On the other hand, consider the case of Sukesh Chandrashekhar, an undertrial prisoner in Tihar Jail in Delhi. In a first information report lodged against him, it is alleged that he “was paying Rs 1.5 crore every month for getting facilities to use mobile phones and a separate barrack without any hindrance”. Stan Swamy had to go to court for a straw that perhaps costs a rupee or two. Is that what’s going on?
These examples indicate that persons are sought to be imprisoned for the most frivolous of reasons and made to suffer pathetic conditions of our jails, while the influential, powerful and the moneyed enjoy state guest status. Most unfortunately, our judiciary denies bail or facilities for irrelevant reasons thereby putting a stamp of approval on the extra-legal machinations of the police and prosecution. This is what’s going on.
More than a decade ago, landline telephone facilities were provided to prisoners in Tihar Jail, amid much fanfare. I know, because I inaugurated that facility as the Acting Chief Justice of Delhi High Court. Thereafter, a similar facility was provided in several jails including in Haryana, Karnataka and Uttar Pradesh. But in Taloja Jail in Maharashtra landline facilities are denied to some prisoners.
On the other hand, some undertrial prisoners like Sukesh Chandrashekhar enjoy the illegal facility of a mobile phone, though at a cost. The availability of mobile phones in jails appears rampant and, in several States, such as Punjab, Uttar Pradesh and Karnataka jammers were requisitioned to block these phones. In Kerala, jammers were found ineffective and drones have been thought of for surveillance. A legally permissible facility has seamlessly given way to an illegal facility. Is this what’s going on?
Role of judges
What is the way out of this morass? A starting point can be making some trial judges realise that they need to stop acting as a rubber stamp of the police in matters of arrest. Please apply your mind, dear judges, and please remember, liberty is too precious to be lost. Stand up for the constitutional rights of our citizens.

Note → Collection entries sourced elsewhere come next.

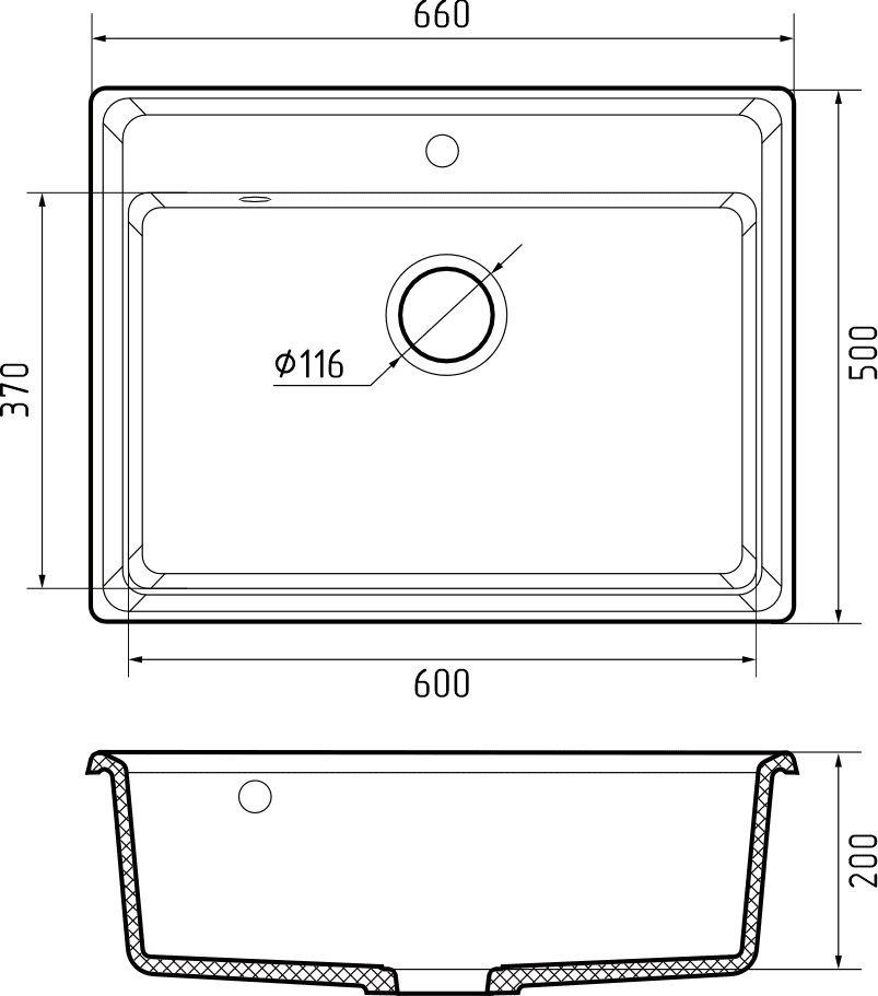 Расстояние от дна до верхней кромки чаши мойки. Оптимальная глубина — 15-18 см. Чем глубже мойка, тем меньше брызг попадет наружу.
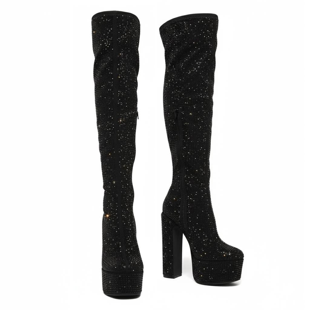 Discover Unmatched Elegance: Our Thigh High Satin Platform Boots blend luxurious craftsmanship with a unique design that celebrates your legs. Handcrafted with high-quality satin, these boots feature exquisite rhinestone embellishments that add a stunning touch of sparkle. The meticulously hand-stitched details reflect our commitment to unique craftsmanship and attention to detail.
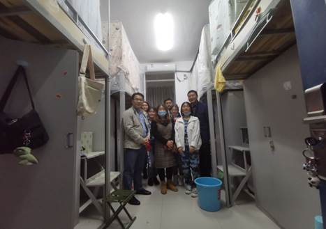 何院长和胡书记每走进一间新生宿舍,都会询问问他们生活上是否习惯,有什么困难或者问题,未来的目标等。何院长叮嘱同学们提醒同学们时刻要注意安全问题;舍友之间要团结,互帮互助,以尽早适应大学生活;同时要珍惜美好时光,养成主动学习的习惯等。此外,何院长和胡书记还同正在与新生视频聊天的家长进行了沟通,了解学生家长的意见。

Yes, you may have the fear of being transferred overnight, but how many of you can actually be transferred without waking up a sleeping giant? Acche din will come someday. Meanwhile, please appreciate that keeping an undertrial prisoner in judicial custody for several years effectively means keeping an innocent person in jail for several years. Does that make any sense to anybody? Please also think of the hardships that the family, including children, may be undergoing. Is this justice or injustice? It is not a difficult question to answer.
Requirement of an audit
Every district in the country has an undertrial review committee as mentioned by the Law Minister in the Jaipur conference. However, given the overcrowding in prisons across the country, they appear to be ineffective. Let us conduct an audit to ascertain how much they have achieved and if they need better assistance.
The Legal Services Authorities should be liberal with legal aid to undertrial prisoners. That the National Legal Services Authority and State Legal Services Authorities have provided free legal assistance to thousands of undertrial prisoners is not an answer – quality matters, not quantity and I am afraid, there is plenty of criticism about the quality of legal aid being provided. Again, an audit is necessary. I am sure it will reveal several deficiencies.
Think out of the box. How about encouraging open prisons? There are so many successful models that need to be studied and replicated. Shimla has a wonderful scheme in operation, Rajasthan is encouraging open prisons. West Bengal is open to suggestions. Let us try it out and give meaning to liberty.
So much can be done but we need to kick start reforms rather than only talk about them in conferences. Let us start now.
Madan B Lokur is a former judge of the Supreme Court of India.